Renewable Energy Tax Incentives

Tax Incentives for Renewable Energy

Tax incentives are a critical renewable energy subsidy tool that can take the form of investment tax credits, and depreciation tax shields. When combined, these tax incentives can reduce the cost of renewable energy by more than 50%.




In order to better understand how these tax incentives work, we will take a look at:

  • Investment tax credits.
  • Example of investment tax credits in the United States.
  • Depreciation tax shields.
  • Example of depreciation tax shields in the United States.
  • How much of a difference can taxation policies make?

Investment tax credits. An investment tax credit is a dollar-for-dollar reduction in the income tax that someone claiming the credit would otherwise pay the government. This type of tax credit is typically implemented at the national level rather than the state or provincial level.

Renewable energy investment credits have the effect of reducing the levelized cost of electricity (LCOE), and decreasing the payback period of the renewable energy system.

Example of investment tax credits in the United States. The solar investment tax credit (ITC) in the United States is designed to promote the growth of solar energy across the country. The ITC has helped annual solar installation increase by over 1600% between 2006-2016.

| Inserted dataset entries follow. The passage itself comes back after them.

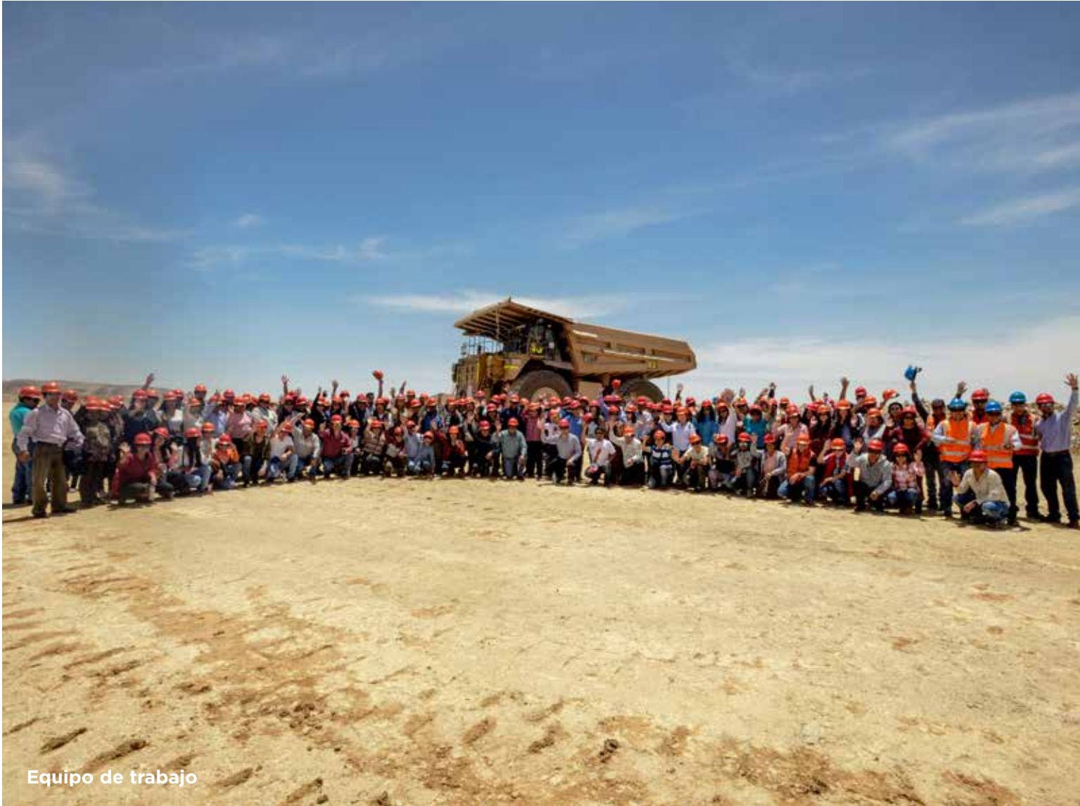
Equipo de trabajo

Respecto del ejercicio anterior, la planilla de la Sociedad ha incrementado en un 3.51% (de 4 727 trabajadores al cierre del 2 021 a 4 893 trabajadores al cierre del 2 022).
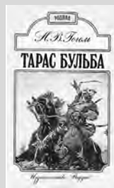
Н.В. Гоголь Тарас Бульба

Порой к произведениям, которые изучают в школе, привязываются стереотипы. Столько раз о них говорили и писали критики и школьники, что кажется, ни добавить, ни убавить. Но недавно я убедился, что это не так, и хочу поделиться с вами этим ощущением – когда незыблемое становится шатким, когда то, что говорит глубоко уважаемый мною учитель, не совпадает с тем, что говорит любимая мама. Когда приходится самостоятельно делать вывод о том, что для меня значит прочитанная книга. И это, скажу я вам, непросто!
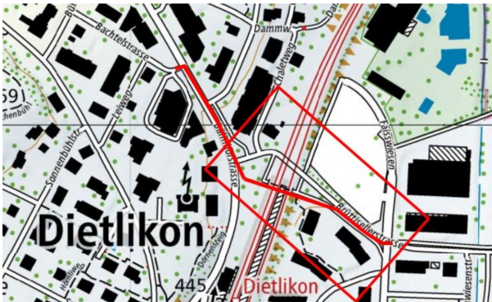
Abbildung 2: Projektperimeter

Als Vorleistung für das SBB-Projekt MehrSpur Zürich-Winterthur muss die Wasserleitung im Bereich der Bahnhof- und Brüttisellerstrasse verlegt werden. Von Januar bis Juni 2026 soll mit einem grabenlosen Vortrieb eine neue Wasserleitung realisiert werden. Der Bahnübergang bleibt während der ganzen Bauzeit gesperrt.
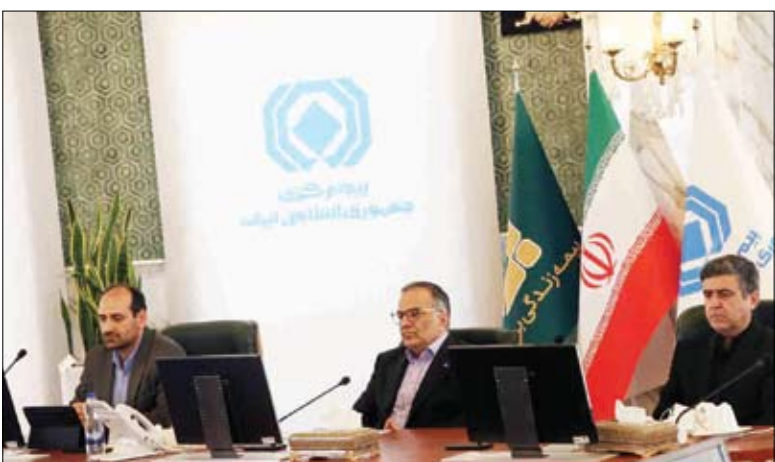
دو اقدام نوآورانه در کارنامه خود به ثبت رسانده، با این وجود با توجه به رویکرد بیمه مرکزی مبنی بر تکثیر نوآوری و بدعت در صنعت، از تمام همکارانم خواستام

افزود: از سوی دیگر، گاه نوآوری‌هایی در صنعت بیمه انجام می‌شود که به دلیل عدم اطلاع‌رسانی، مغفول می‌ماند. در چنین شرایطی سرمایه‌گذار نیز انگیزه‌های برای ورود سرمایه خود به صنعت بیمه پیدا نمی‌کند. ضمن اینکه اگر نوآوری یک شرکت بیمه اطلاع‌رسانی نشود، ممکن است سایر شرکت‌های بیمه‌گر ضرورت ایجاد تحرک و خلاقیت را در نیابند. بنابراین برگزاری چنین نشست‌هایی با هدف تأکید بر اهمیت ارائه نوآوری شرکت‌های بیمه در وجوه مختلفی اهمیت خود را نشان می‌دهد. مدیرعامل بیمه باران با اشاره به ضرورت ارائه نوآوری برای شرکت‌های تخصصی گفت: از آنجایی که بیمه باران به صورت تخصصی در زمینه ارائه بیمه‌های زندگی فعالیت دارد، ضروری است که نوآوری‌های خود را در جهت طراحی محصول، عرضه و ارائه آن به بهینه‌ترین شکل ممکن نشان دهد. با عنایت به همین ضرورت، در بدو ورود بیمه باران به صنعت بیمه، تلاش شد محصولی وارد صنعت بیمه شود که تا پیش از این وجود نداشت.
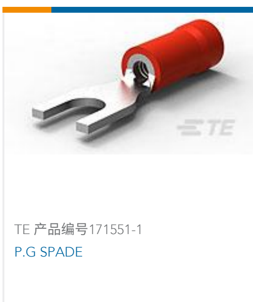
TE 产品编号171551-1 P.G SPADE
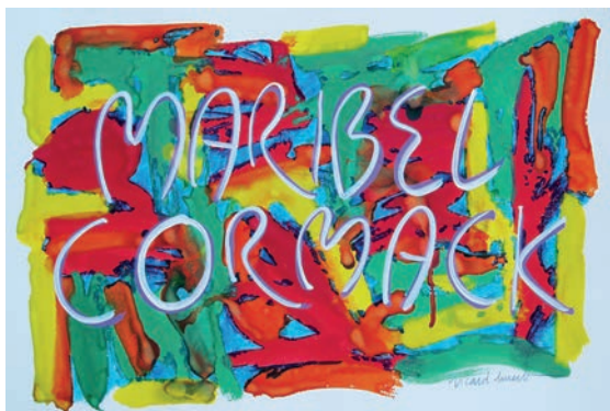
Figura 6. Pintura de la serie «Mujeres maestras del Perú» dedicada a Maribel Cormack.
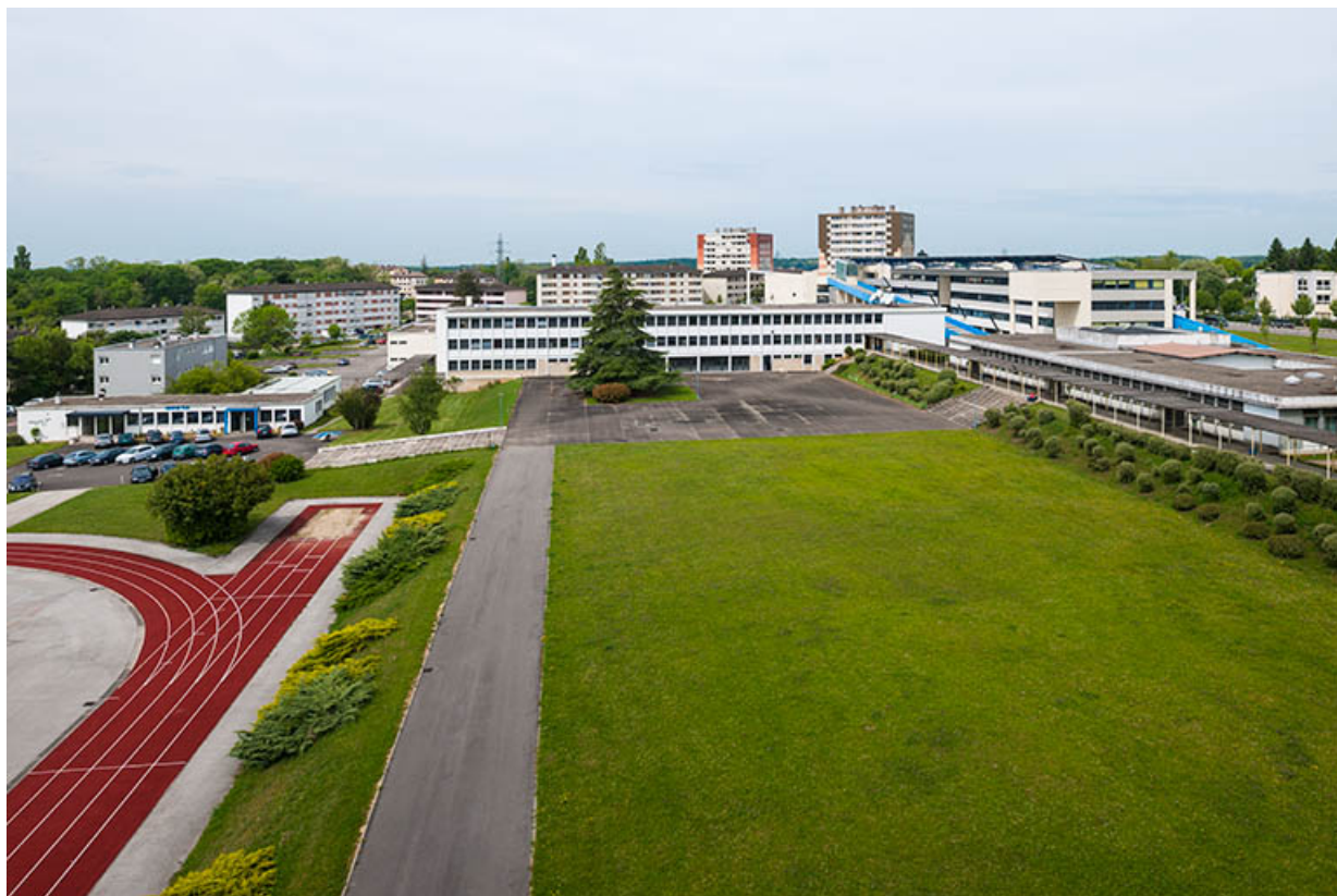
Vue générale depuis l'Est : 1er plan , installations sportives à droite locaux de restauration, au fond ancien externat et en contrebas locaux du GRETA.
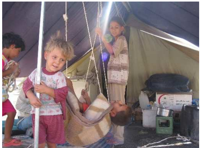
مندا له عیراقیه‌کان له کامه‌کی ناواره ناوخوییه‌کان.

ناژانسه‌کانی هاوکاریکردن خۆراک، و ته‌واوکه‌ری
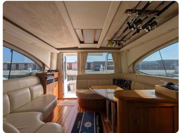
Tiara 3900 Conv. salon to aft
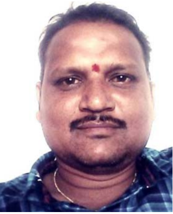
అక్షర విజేత సూర్యాపేట ప్రతినిధి

జిల్లా కేంద్రంలోని 43 వార్డుల్లో వీధి కుక్కలు విపరీతంగా పెరిగిపోయాయని వాటి నుండి ప్రజలను కాపాడాలని జిల్లా కేంద్రంలోని 43 వ వార్డు వేణు నెహ్రూ నగర్ సమీపంలో గత మూడు రోజులుగా వీధి కుక్కలు వీధుల్లో మైర విహారం చేస్తూ చిన్న పిల్లలకు తోడు తోడుగా దాడి పాల్పడుతున్నాడని ఇదే విషయమై మున్సిపల్ అధికారులకు సమాచారం ఇచ్చినప్పటికీ ఎలాంటి చర్యలు చేపడలేదన్నారు. ఇంట్లో నుంచి బయటకు వెళ్లాలంటే ప్రజలు భయపడుతున్నారని తెలిపారు. గత మూడు రోజుల నుంచి ఆరుగురు పైన దాడి చేసి గాయాలు చేసిందని తెలిపారు. ఇప్పటికైనా అధికారులు స్పందించి వీధి కుక్కలను జమున నగర్ లో ఉన్న వీధి కుక్కల సెంటర్ కు తరలించాలన్నారు.
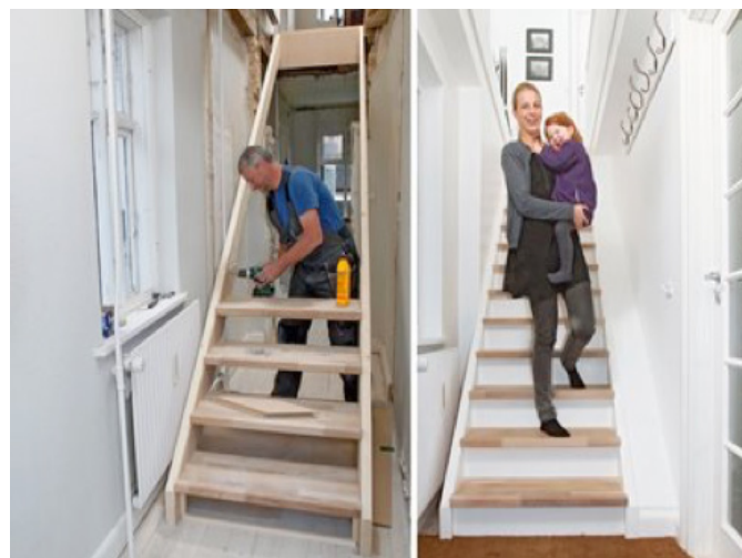
Montering af trapper

The solar investment tax credit takes a form of a 30% tax credit for eligible commercial and residential solar panel systems. The 30% investment tax credit will remain until the end of 2019, lower to 26 percent in 2020, and lower to 22 percent in 2021. After 2021, the investment tax credit will discontinue for residential installations, and be maintained at 10% for  commercial and utility-scale installations.




Depreciation tax shields. A depreciation tax shield allows you to deduct expenses from taxable income. The amount by which depreciation shields the taxable entity is the applicable tax rate, multiplied by the amount of depreciation. For example, if the applicable tax rate is 25% and the amount of depreciation is $100,000, then the depreciation tax shield is $25,000.

Depreciation tax shields also have the effect of reducing the levelized cost of electricity (LCOE), and decreasing the payback period of the renewable energy system.

Example of depreciation tax shields in the United States. The most common depreciation tax shield in the United States is the Modified Accelerated Cost Recovery System (MACRS). MACRS allows the taxpayer to deduct expenses from their taxable income for a certain number of years.  Eligible solar energy equipment qualifies for a cost recovery period of five years.

Other renewable energy technologies such as wind energy property, geothermal, and fuel cells also qualify under the five year MACRS scheme.

How much of a difference can taxation policies make? Investment tax credits and depreciation tax shield are powerful tools to reduce the cost of renewable energy. To illustrate this, we will take a look at an example for commercial scale silicon solar cells.

Tax incentives for renewable eenrgy.

Levelized cost of electricity comparison (*DBB is another depreciation tax shield)

As can be seen from the table above, tax incentives play a large part in reducing the cost of renewable energy.

It is essential that governments continue offering tax incentives until solar panels, and other renewable technologies, become mainstream.